Tesla has been weathering a lot of criticism in the press since the fatal crash involving an Autopilot-equipped Model S. As Road & Track’s Jack Baruth very colorfully noted, some of it has come from self-appointed experts with little knowledge of the auto industry. However, the latest reproach comes from Consumer Reports, a respected publication that famously gave Model S a rating of 99 out of 100 (but later raised doubts about its reliability).
In an article titled Tesla’s Autopilot: Too Much Autonomy Too Soon, CR says that the tragic accident “has caused safety advocates to question whether the name Autopilot, as well as the marketing hype of its roll-out, promoted a dangerously premature assumption that the Model S was capable of truly driving on its own.”
“By marketing their feature as ‘Autopilot,’ Tesla gives consumers a false sense of security,” says Consumer Reports VP Laura MacCleery. “In the long run, advanced active safety technologies in vehicles could make our roads safer. But today, we’re deeply concerned that consumers are being sold a pile of promises about unproven technology. ‘Autopilot’ can’t actually drive the car, yet it allows consumers to have their hands off the steering wheel for minutes at a time. Tesla should disable automatic steering in its cars until it updates the program to verify that the driver’s hands are on the wheel.”

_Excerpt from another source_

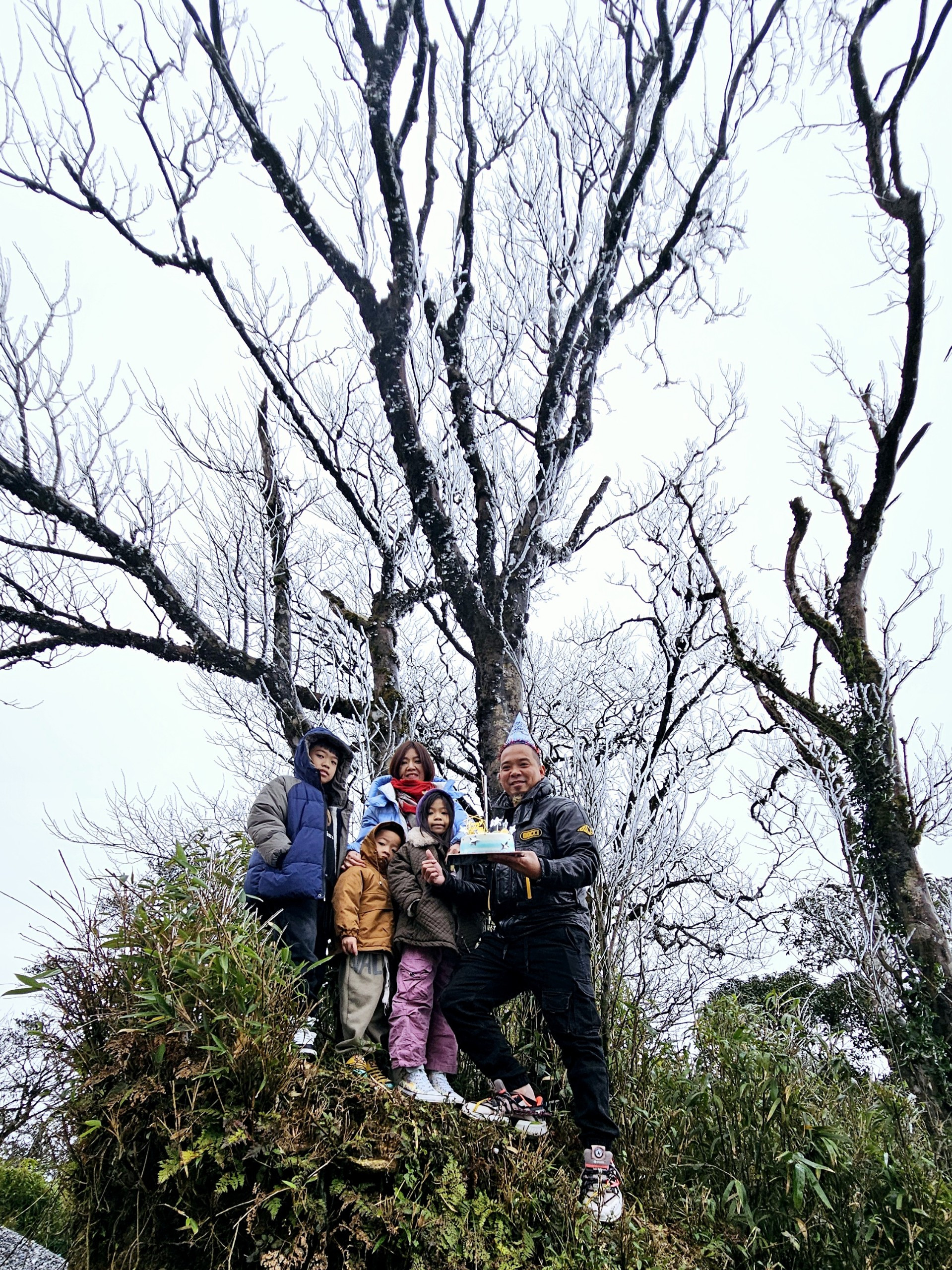 "Đây là lần thứ hai gia đình mình đón băng giá tại Phja Oắc cùng nhau. So với chuyến đi tháng 2/2022, hôm nay trời quang hơn, ít sương mù, không có mưa phùn nên cảm giác bớt khắc nghiệt. Cả gia đình cũng đã có kinh nghiệm trong việc chọn trang phục giữ ấm", anh Trường cho hay.
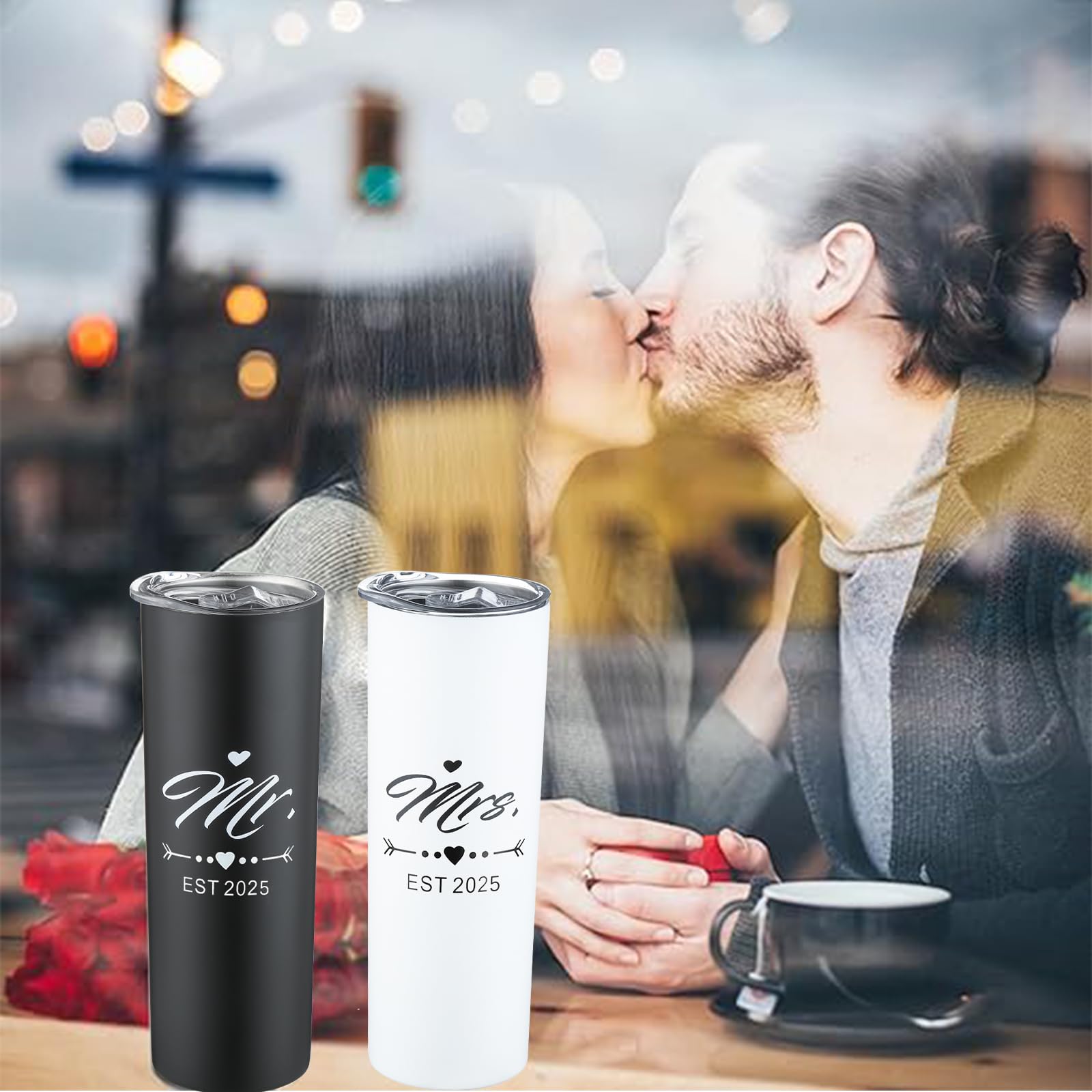 DHQH Mr and Mrs 2025 Tumbler Set, Engagement Wedding Gifts for Couples Wife Husband Bride To Be Newly Engaged 20oz Travel Tumbler Bachelorette Party Gifts

Of course, Tesla has said that the system does make frequent checks to ensure that the driver’s hands remain on the wheel. However, CR says, “Our recent testing on a Model X in Autopilot mode on a long, straight road found that the system took more than three minutes after our tester’s hands were removed from the wheel before the vehicle gave any warning.”
Tesla responded to the Consumer Reports article thus: “Tesla is constantly introducing enhancements, proven over millions of miles of internal testing, to ensure that drivers supported by Autopilot remain safer than those operating without assistance. We will continue to develop, validate, and release those enhancements as the technology grows. While we appreciate well-meaning advice from any individual or group, we make our decisions on the basis of real-world data, not speculation by media.”